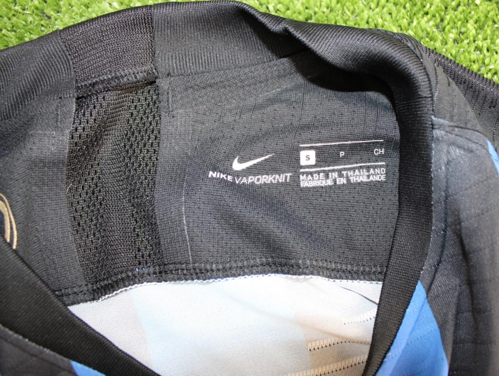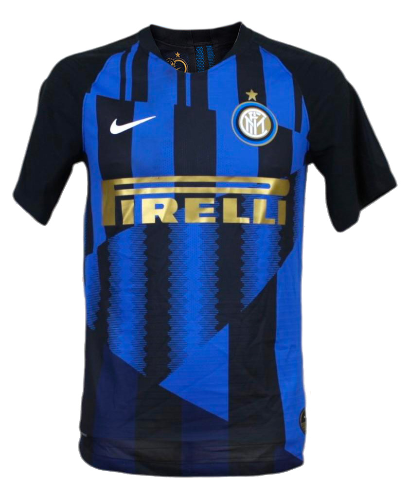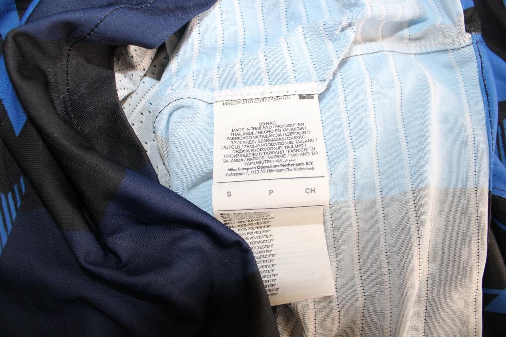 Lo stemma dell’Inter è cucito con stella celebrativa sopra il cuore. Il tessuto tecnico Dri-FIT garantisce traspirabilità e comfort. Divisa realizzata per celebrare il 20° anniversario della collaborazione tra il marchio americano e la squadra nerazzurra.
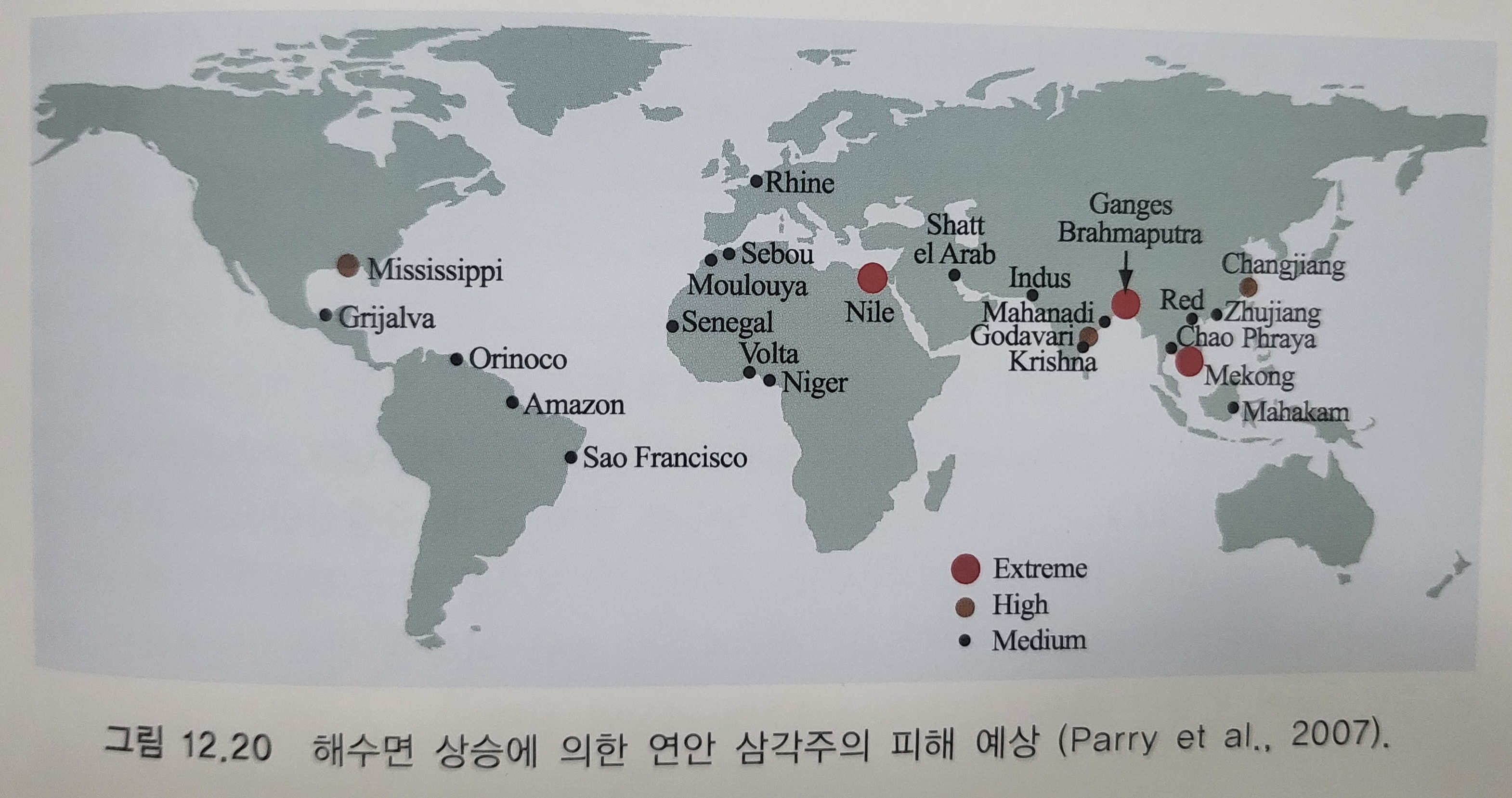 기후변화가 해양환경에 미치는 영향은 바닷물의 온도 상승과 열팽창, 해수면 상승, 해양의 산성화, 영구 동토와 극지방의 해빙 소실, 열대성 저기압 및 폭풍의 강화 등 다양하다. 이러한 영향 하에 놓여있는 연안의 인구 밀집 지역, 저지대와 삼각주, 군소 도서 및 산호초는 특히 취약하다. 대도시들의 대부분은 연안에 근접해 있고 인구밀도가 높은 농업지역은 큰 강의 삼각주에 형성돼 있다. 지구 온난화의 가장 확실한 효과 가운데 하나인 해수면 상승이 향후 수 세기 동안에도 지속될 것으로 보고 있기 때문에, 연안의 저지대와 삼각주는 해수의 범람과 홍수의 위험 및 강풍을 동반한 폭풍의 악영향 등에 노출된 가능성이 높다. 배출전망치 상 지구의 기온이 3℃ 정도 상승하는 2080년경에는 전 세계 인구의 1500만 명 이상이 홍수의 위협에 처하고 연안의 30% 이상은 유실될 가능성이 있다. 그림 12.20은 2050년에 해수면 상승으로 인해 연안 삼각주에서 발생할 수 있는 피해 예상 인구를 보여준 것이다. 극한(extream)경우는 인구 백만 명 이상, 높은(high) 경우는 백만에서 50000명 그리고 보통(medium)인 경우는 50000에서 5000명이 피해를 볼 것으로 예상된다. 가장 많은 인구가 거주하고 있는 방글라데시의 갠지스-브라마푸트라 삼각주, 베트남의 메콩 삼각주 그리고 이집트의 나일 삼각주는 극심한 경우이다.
...
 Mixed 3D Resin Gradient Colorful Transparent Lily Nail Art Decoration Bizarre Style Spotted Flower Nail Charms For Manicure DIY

● **WORK REQUIRED**: Could you transcribe exactly the entries above, but only the lines from the one with "Lo stemma dell’Inter" through the one with "기후변화가 해양환경에 미치는", and without pictures?

● **SOLUTION TO THIS PROBLEM**:
 Lo stemma dell’Inter è cucito con stella celebrativa sopra il cuore. Il tessuto tecnico Dri-FIT garantisce traspirabilità e comfort. Divisa realizzata per celebrare il 20° anniversario della collaborazione tra il marchio americano e la squadra nerazzurra.
 기후변화가 해양환경에 미치는 영향은 바닷물의 온도 상승과 열팽창, 해수면 상승, 해양의 산성화, 영구 동토와 극지방의 해빙 소실, 열대성 저기압 및 폭풍의 강화 등 다양하다. 이러한 영향 하에 놓여있는 연안의 인구 밀집 지역, 저지대와 삼각주, 군소 도서 및 산호초는 특히 취약하다. 대도시들의 대부분은 연안에 근접해 있고 인구밀도가 높은 농업지역은 큰 강의 삼각주에 형성돼 있다. 지구 온난화의 가장 확실한 효과 가운데 하나인 해수면 상승이 향후 수 세기 동안에도 지속될 것으로 보고 있기 때문에, 연안의 저지대와 삼각주는 해수의 범람과 홍수의 위험 및 강풍을 동반한 폭풍의 악영향 등에 노출된 가능성이 높다. 배출전망치 상 지구의 기온이 3℃ 정도 상승하는 2080년경에는 전 세계 인구의 1500만 명 이상이 홍수의 위협에 처하고 연안의 30% 이상은 유실될 가능성이 있다. 그림 12.20은 2050년에 해수면 상승으로 인해 연안 삼각주에서 발생할 수 있는 피해 예상 인구를 보여준 것이다. 극한(extream)경우는 인구 백만 명 이상, 높은(high) 경우는 백만에서 50000명 그리고 보통(medium)인 경우는 50000에서 5000명이 피해를 볼 것으로 예상된다. 가장 많은 인구가 거주하고 있는 방글라데시의 갠지스-브라마푸트라 삼각주, 베트남의 메콩 삼각주 그리고 이집트의 나일 삼각주는 극심한 경우이다.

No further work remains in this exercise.